Голубиная охота - Николай Воронов 7 стр.


— Если у тетеньки из фенольного родится ребенок и она будет его кормить грудью, то он умрет к шести месяцам. Поэтому почти у всех тетенек из фенольного дети растут искусственниками. Кормилицу ведь не найдешь. Кормилицы были только при царизме.

Маша знала, что у нее удивительные волосы. На свету они пепельно-серебристые, в сумерках голубые, в темноте синеют, как морская волна (это по словам Митьки Калганова, ездившего в Керчь).

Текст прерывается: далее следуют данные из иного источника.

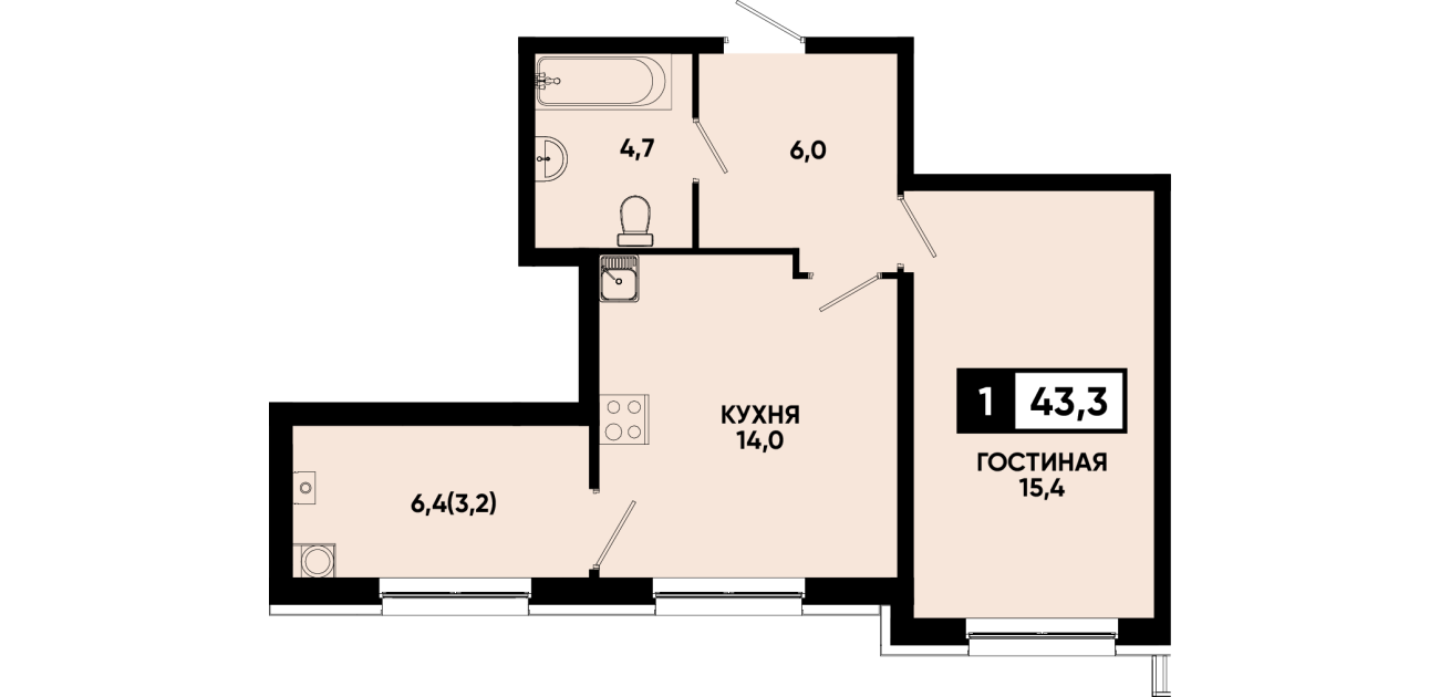 43,3 м²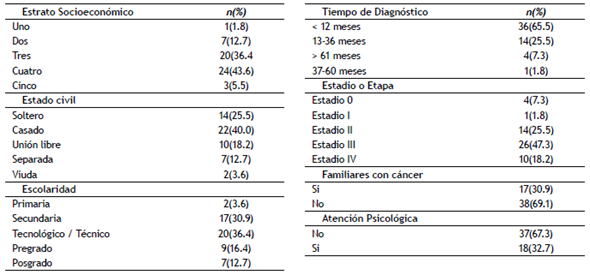 Se diseñó un estudio observacional transversal; con muestreo intencional participaron cincuenta y cinco mujeres, entre 27 y 69 años de edad (Medad = 42.3, DE = 10.1) diagnosticadas con cáncer ginecológico y en proceso de tratamiento. Son mujeres provenientes de las ciudades de Medellín (n = 38, 69.1%) y Santiago de Cali (n = 17, 30.9%), Colombia (véase tabla 1).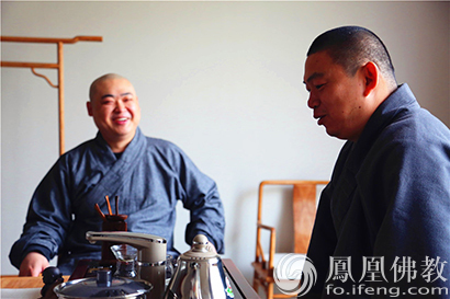 唐山龙泉寺当家明拂法师与中国佛学院定禅法师亲切交流(图片来源:凤凰佛教 摄影:陈思超)

Она наклонила голову так, чтобы волосы закрыли левую половину лица, чуточку постояла, предполагая, что класс и англичанка любуются ее волосами, и села.

— Что же ты не сказала, кем работает твоя мама?

— Вы же знаете.

— Чувство меры, Корабельникова!

— Май мазер из эн экаунтэнт.

— Кто, кто?

— И всегда-то, Татьяна Петровна, вы меня переспрашиваете. Не буду повторять.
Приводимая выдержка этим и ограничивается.